Der Weg hierhin: Wolken, Felder, Wälder, Regen, Wind, Schlamm. Alles durchaus schön anzusehen. Aber immer in Regenzeug und mit Gamaschen und schweren wasserfesten Stiefeln – das nervt. Nun schon der fünfte Tag. Immerhin hat der Wind nachgelassen, gegen Mittag kam so viel Sonne raus, dass ich zumindest die Regenjacke mal für ein Stündchen im Rucksack verstauen konnte. Vorgestern habe ich einen Seume-Ort leider nur aus der Ferne passiert. Stannern, Seume lobte es wegen seiner Textilmanufakturen. Es liegt an der anstrengenden M 38, die ich in diesem Bereich leider umgangen bin, so dass der Ort weitab meiner Route lag.
Und wieder war alles weitgehend menschenleer. Nix warmes zu essen, abgesehen vom Frühstück.
Aber es gab eine lustige Unterbrechung dieser Tristesse: in Gesice Myto, als ich wieder mal die Pseudoautobahn M 38 zu kreuzen hatte, winkt mir doch aus dem Bushäuschen gegenüber ein schräger Vogel zu. Bunt wie ich, mussten wir gleich beide lachen. Mein Alter Ego ist mit dem Liegerad von irgendwo aus dem Süden auf dem Heimweg nach Prag. Das Rad hat er hinten mit Kisten behangen, na klar, für seinen Fotokram. Wir haben uns kurz über das Reisen ausgetauscht, er konnte ganz gut Englisch. Ich gab ihm meine Karte, dann zog / fuhr jeder seiner Wege.
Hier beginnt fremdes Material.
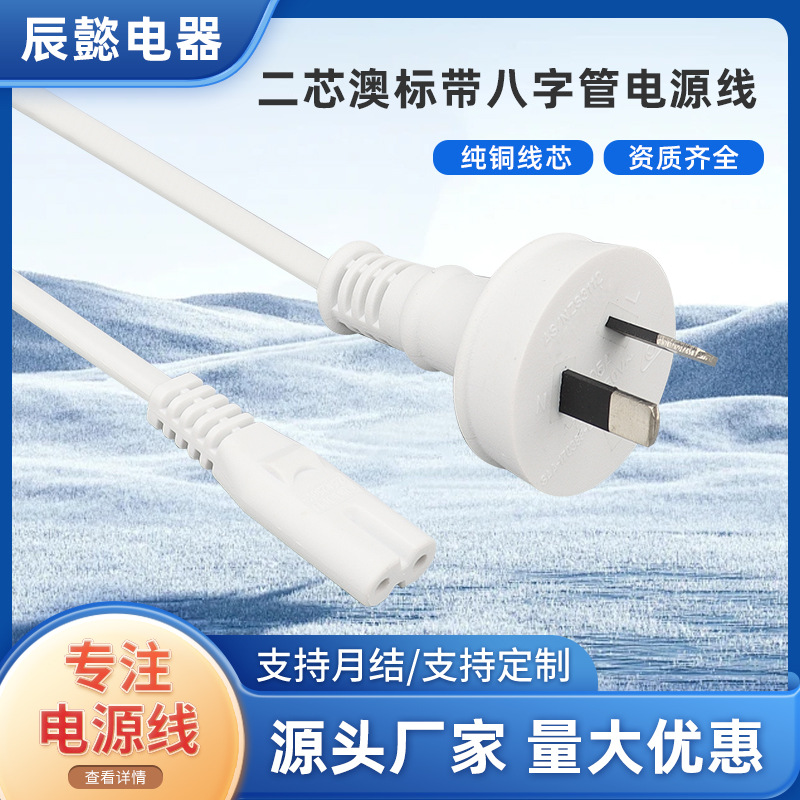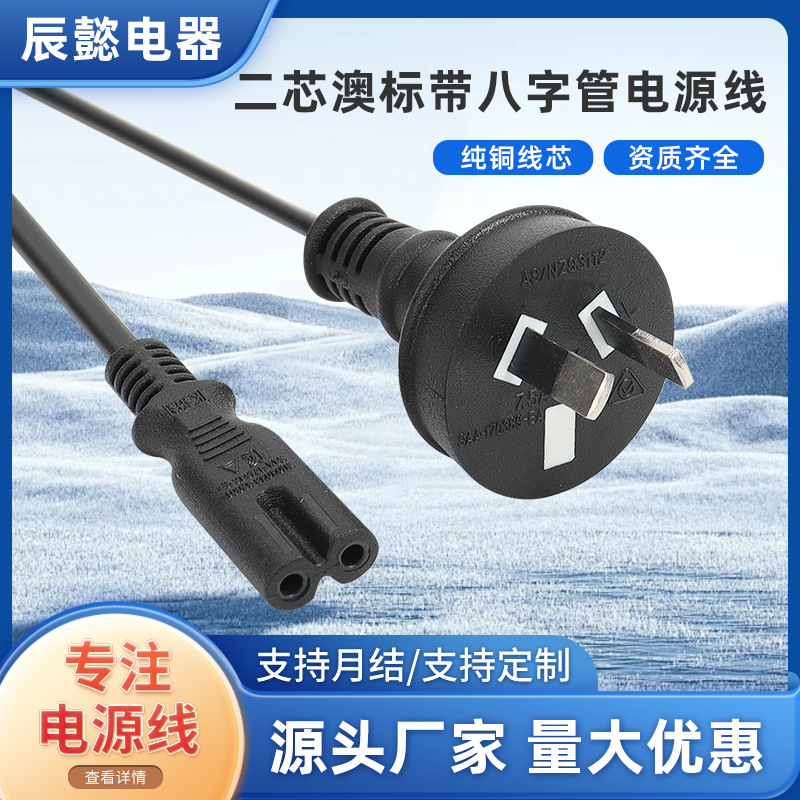 2芯オーストラリア規格8字型電源コード、2プラグオーストラリアプラグコード、ストレート8字型電源コード

Hier sind die Dörfer nicht mehr ganz so schick wie in der Umgebung von Jihlava. Aber es bleibt der Eindruck: hier passiert mehr für die Landbevölkerung als in z.B. Brandenburg oder Sachsen-Anhalt. Das beginnt bei super gepflegten Nebenstraßen, Kolonnen von Gärtnern, die in den Dörfern auf den öffentlichen Flächen den Rasen mähen. Es gibt sehr oft schöne Sportanlagen und oft auch das „Kulturny Dom“, das Kulturhaus. Und die Kirchen sehen natürlich auch gut aus. Und das, obwohl hier nur ca. 11% der Bevölkerung einer der Kirchen angehören. Wer weiß, vielleicht verbiegt Prag da die Statistik. Übrigens fallen mir bis auf die Jungs vom Dönerladen kaum Muslime auf. In den größeren Orten hängen ab und zu ukrainische Flaggen an Fenstern und an den Rathäusern. Ansonsten hält das Land bezüglich Migration wohl eisern die Türen zu, was ich nicht für gut befinde, und was nichts mit dem Zustand der Dörfer zu tun hat.
Da die Geburtenrat bei 1,7 liegt, also etwas höher als in Deutschland (1,4), sieht man in der Öffentlichkeit deutlich mehr junge Eltern. Kindergärten gibt es in jedem zweiten Dorf, man sieht aber auch viele Großeltern mit Kindern tagsüber. Die Bevölkerung Tschechiens wächst wohl jährlich um 0,2%. Ob das aber mit einer generell steigenden Lebenserwartung oder Netto-Zuzug zusammenhängt, weiß ich nicht. Heute sah ich in einem Dorf zwei Kleinstkinder (so um die drei, beide mit Schnullern im Mund) in der Nähe eines Spielplatzes und auch in der Nähe der Straße einfach so unbeaufsichtigt herumlaufen. Zufall?
Obwohl ich heute wieder nur 23 km gemacht habe, meckert der linke Fuß. Morgen soll das Wetter schöner werden, dann kann ich die leichteren Schuhe anziehen. Hoffentlich. Die kommenden Tage sind mit 23 bzw. 31 km nicht ganz so heftig. Jiri aus Czesky Brod hat mir in Znaim noch einen Kontakt über drei Ecken gemacht, einen ambitionierten Wanderer (u.a. bis Rom). Der Herr wollte mir sogar Quartier anbieten. So treffen wir uns aber vielleicht zum Mittag, wenn ich die Stadt quere, in der ich nach alter Planung eigentlich heute übernachten wollte.
Gefühlt endlose Waldwege. Man genießt die Stille, um sich schon wieder auf die Begenung mit Menschen zu freuen. Das wechselt einander ab.
Tag 20 Von Nové Syrovice nach Kraskov
20. September 2022, 23 km bis km 515,8
Für mich gibt es bei einer Landschaft immer ein "Oben" und ein "Unten". Manchmal ist das Oben aufregender als das Unten.